Google Cars Drive Themselves, In Traffic
An anonymous reader noted that "At the TED 2011 conference this week, Google has been giving extremely rare demos of its self-driving cars. TED attendees have even been allowed to travel inside them, on a closed course. The car is a project of Google, which has been working in secret but in plain view on vehicles that can drive themselves, using artificial-intelligence software that can sense anything near the car and mimic the decisions made by a human driver."
The referenced article describes Google taking a car out into traffic on US 101.
In other words Google turned all the other drivers on the road into involuntary, unpaid, unknowing guinea pigs.
There's a word for that - irresponsible.
there is no way a @#$ robot can judge what to do about oncoming accidents, like a pedestrian, a deer, a squirrel, a semi jackknifing, an ambulance passing, a crash ahead of you, a gigantic pothole, a box full of dishes that fell off a truck, a big tree branch, a patch of black ice, a tire blowing out, a semi weaving in a strong wind, etc etc etc.
the solution to the 'i dont want to waste my time driving' problem is to build more trains, and make cities more walkable. to do that, you first have to win over the 'trains = communism' crowd using some kind of distributed jobs program (like the military does for its socialist money wasting mega-projects) and through targeting conservative locations for building up the rail infrastructure so they will get pork from it.

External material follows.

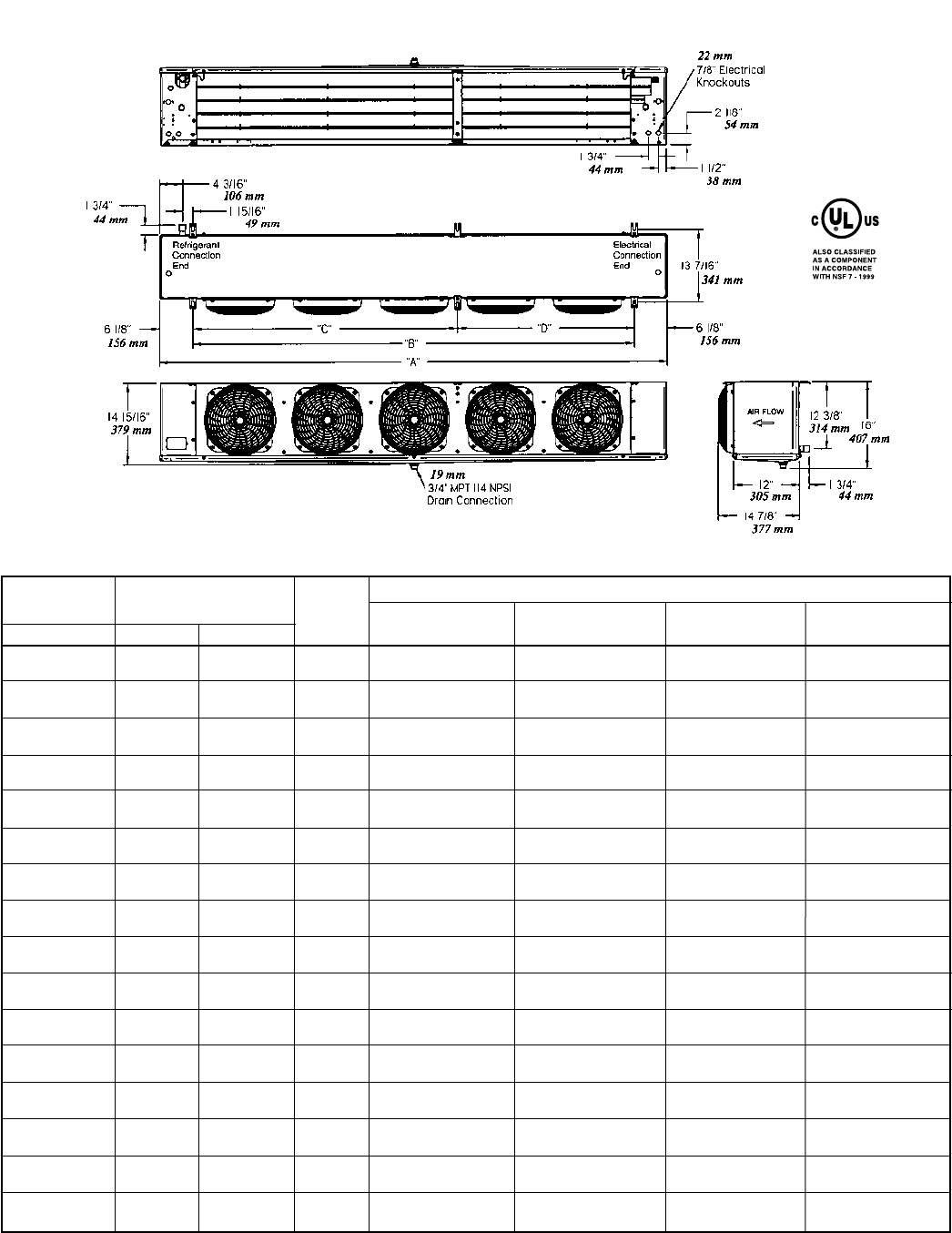 ADT Air Defrost Models 60 Hz. with Shaded Pole Motors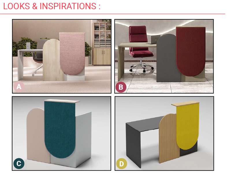 Averto se personnalise selon vos exigences, la tablette du comptoir, la structure, le plan de travail, le panneau secondaire et le panneau en tissu ou encore les chants peuvent tous aborder des finitions différentes ou s'unir selon votre convenance. Depuis nos visuels et notre configurateur, nous proposons des tons bicolores ou tricolores en noir, blanc, bleu ou vert. Le panneau rembourré d'un tissu reste gris.

It really doesn't matter how safe it is, there are regulations for testing of devices with human subjects, those standards are there for a reason. They are included in HIPAA, to give a concrete starting point. A few decades ago it was a lot more lax, and a lot of really awful experiments took place, the bar now is set really high, and its a lot more strict than just being "safe". The FAA created the Class 3 license for experimental space vehicles, the NHTSA should be doing something similar if this kind of thing is going to proceed legitimately.
I for one am surprised that Google legal department would let this one slide, then again maybe they were never even told about what was happening, typical arrogant kids (I mean that in the best possible sense, of course).